The chain is a collection of signed links:

message Link {
  message TBS {
    bytes trustee_pub_key = 1;
    string trustee_display_name = 2;
    double valid_from = 3;
    double valid_to = 4;

    // NOTE: This MUST be filled either by sender/recipient before
    // generating/verifying the signature below.
    bytes channel_id = 5;
  }

  TBS tbs = 1;

  // crypto_sign_detached(signature, tbs, parentSecretKey)
  bytes signature = 2;
}

that establish trust in a manner similar to Public Key Infrastructure (PKI). Each successive link in a chain is signed by the private key of the previous link. The first link is signed by the root. The maximum length of the chain is 3. Peer MUST validate the length of the chain against the limit, and MUST NOT accept messages with longer chains. (This should encourage peers to form tighter groups, and have more control over participants. The number 3 MAY be revised in the future version of the protocol.)

trustee_display_name is assigned by the issuer of the link. Maximum length of this string is 128 UTF-8 codepoints and MUST be enforced. Minimum length is 1 and MUST be enforced. Note that each participant of the channel gets unique “display path” (array of display names) starting from the root.

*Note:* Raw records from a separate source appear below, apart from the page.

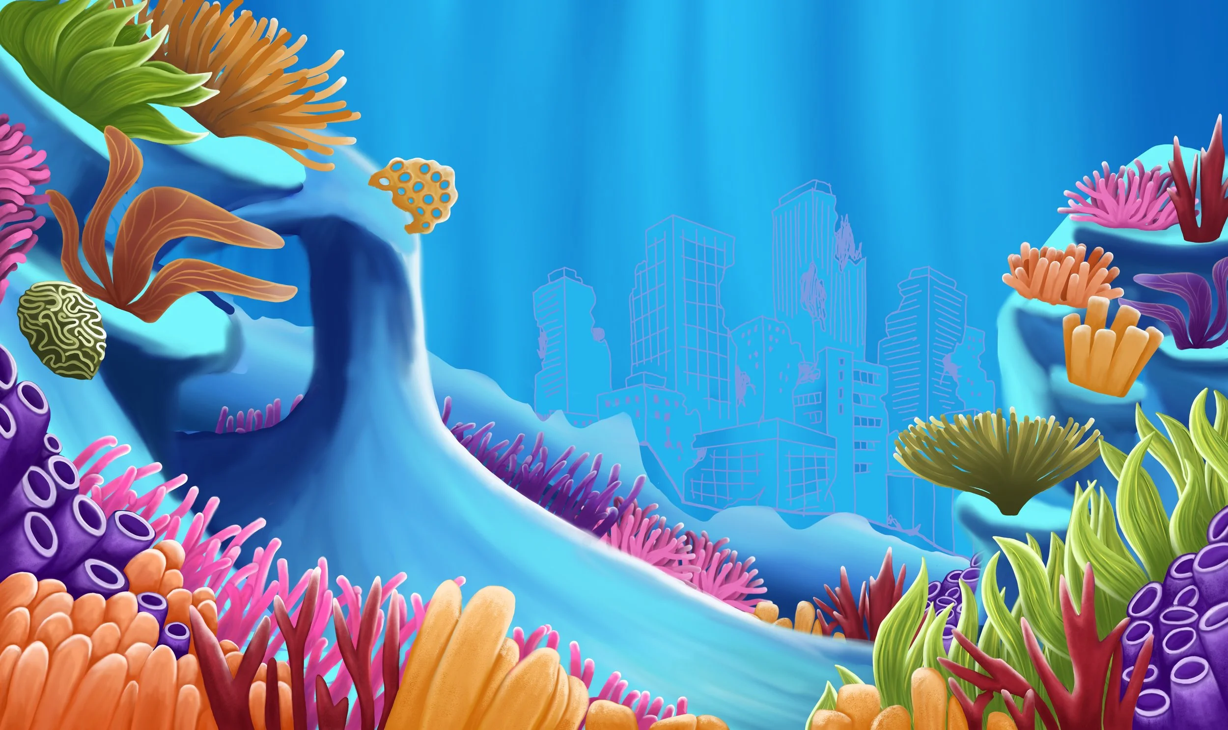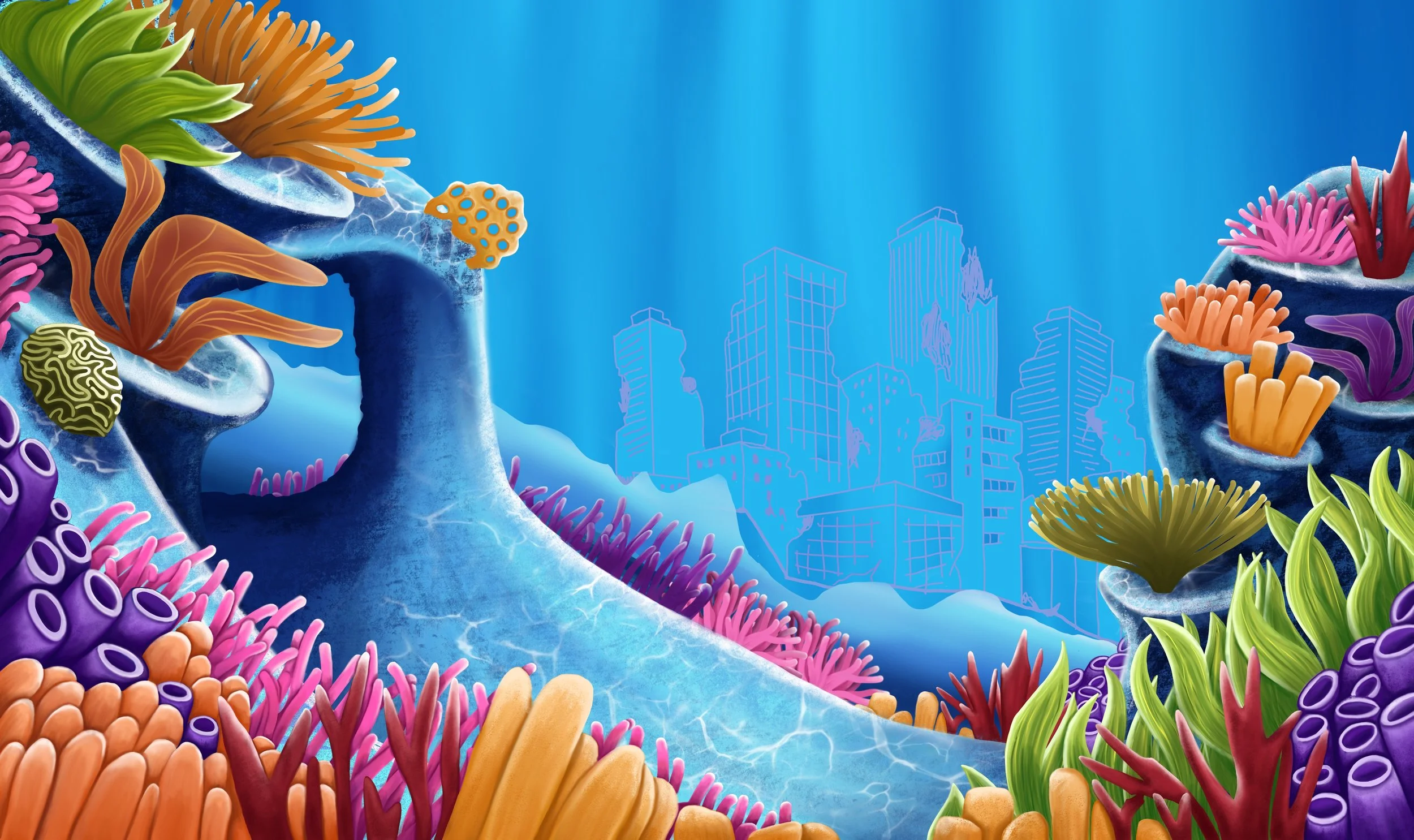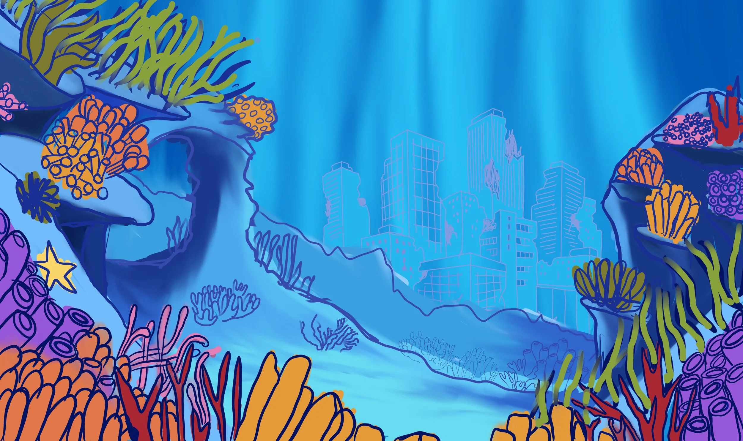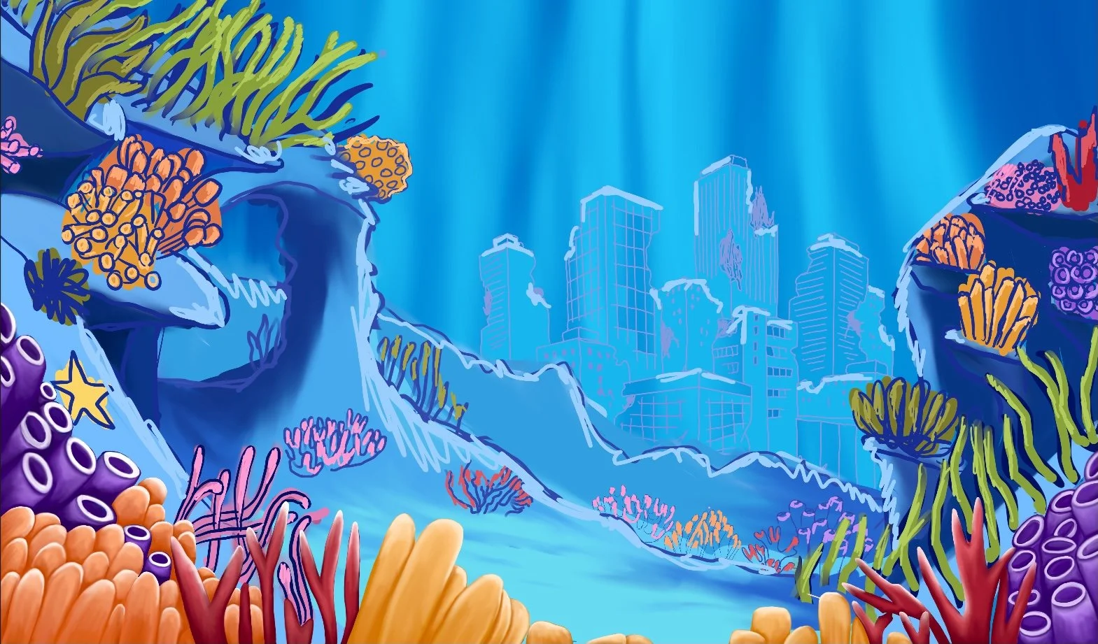 This illustration shows my skills as a visual storyteller. This illustration is called “Into The Blue” and is a scene from the opening credits of a family friendly animated film, set 2000 years into the future under the sea. A vibrant and colourful palette is used to create an inviting and friendly atmosphere to set the tone of the film.
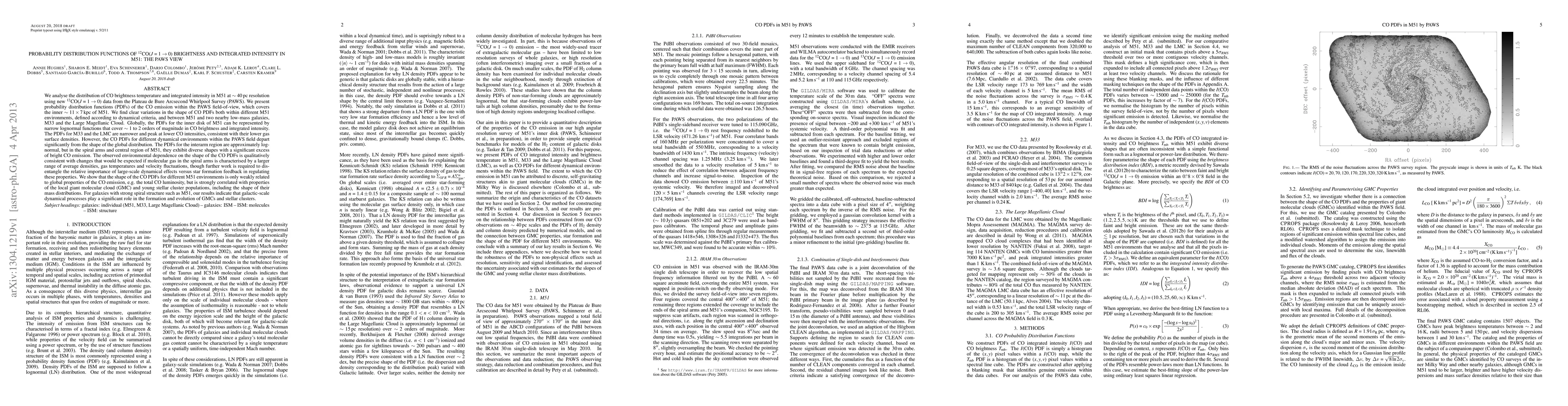 We analyse the distribution of CO brightness temperature and integrated intensity in M51 at ~40 pc resolution using new CO data from the Plateau de Bure Arcsecond Whirlpool Survey (PAWS). We present probability distribution functions (PDFs) of the CO emission within the PAWS field, which covers the inner 11 x 7 kpc of M51. We find variations in the shape of CO PDFs within different M51 environments, and between M51 and M33 and the Large Magellanic Cloud (LMC). Globally, the PDFs for the inner disk of M51 can be represented by narrow lognormal functions that cover 1 to 2 orders of magnitude in CO brightness and integrated intensity. The PDFs for M33 and the LMC are narrower and peak at lower CO intensities. However, the CO PDFs for different dynamical environments within the PAWS field depart from the shape of the global distribution. The PDFs for the interarm region are approximately lognormal, but in the spiral arms and central region of M51, they exhibit diverse shapes with a significant excess of bright CO emission. The observed environmental dependence of the shape of the CO PDFs is qualitatively consistent with changes that would be expected if molecular gas in the spiral arms has a larger range of average densities, gas temperatures and velocity fluctuations, though further work is required to disentangle the importance of large-scale dynamical effects versus star formation feedback in regulating these properties. We show that the shape of the CO PDFs for different M51 environments is only weakly related to global properties of the CO emission, but is strongly correlated with some properties of the local giant molecular cloud (GMC) and young stellar cluster populations. For galaxies with strong spiral structure such as M51, our results indicate that galactic-scale dynamical processes play a significant role in the formation and evolution of GMCs and stellar clusters.(abridged)
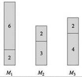 Рис. 11.1. Результат выполнения жадного алгоритма распределения нагрузки на трех машинах с размерами заданий 2, 3, 4, 6, 2, 2

The link.valid_from and link.valid_to are both Unix-times since Jan 1st 1970 00:00:00 UTC. The valid_to of the whole chain is the minimum of valid_to of all links. The valid_from is then the maximum of valid_from of all links. This mechanism ensures granularity of control over peers’ ability to write new messages. The validity of the chain MUST be checked against the content.timestamp (see constraints on content.timestamp above.)

NOTE: When issuing new link set valid_from a bit in the past to avoid issues with slightly out-of-sync time. 2 minutes in the past should be safe to use.

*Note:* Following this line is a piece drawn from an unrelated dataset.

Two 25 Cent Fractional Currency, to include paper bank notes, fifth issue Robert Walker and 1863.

The message.signature MUST be generated using the private key that corresponds to the last public key in the chain, or the channel’s private key if the chain is empty.

Invite

It is easy to see that the write access to the channel MUST be checked by validating the chain. Peers that do not have valid chain can read the channel, but cannot write to it. The members of channel with write access can invite other peers to participate in this channel by first requesting from them in a form of scanned QR code (or by other means):

message InviteRequest {
  bytes peer_id = 1;
  bytes trustee_pub_key = 2;
  bytes box_pub_key = 3;
}

where trustee_pub_key is the invitee’s public key, and box_pub_key is a public part of result of crypto_box_keypair from Sodium (with the secret part being box_secret_key).

NOTE: requesting invite reveals public key and an associated channel.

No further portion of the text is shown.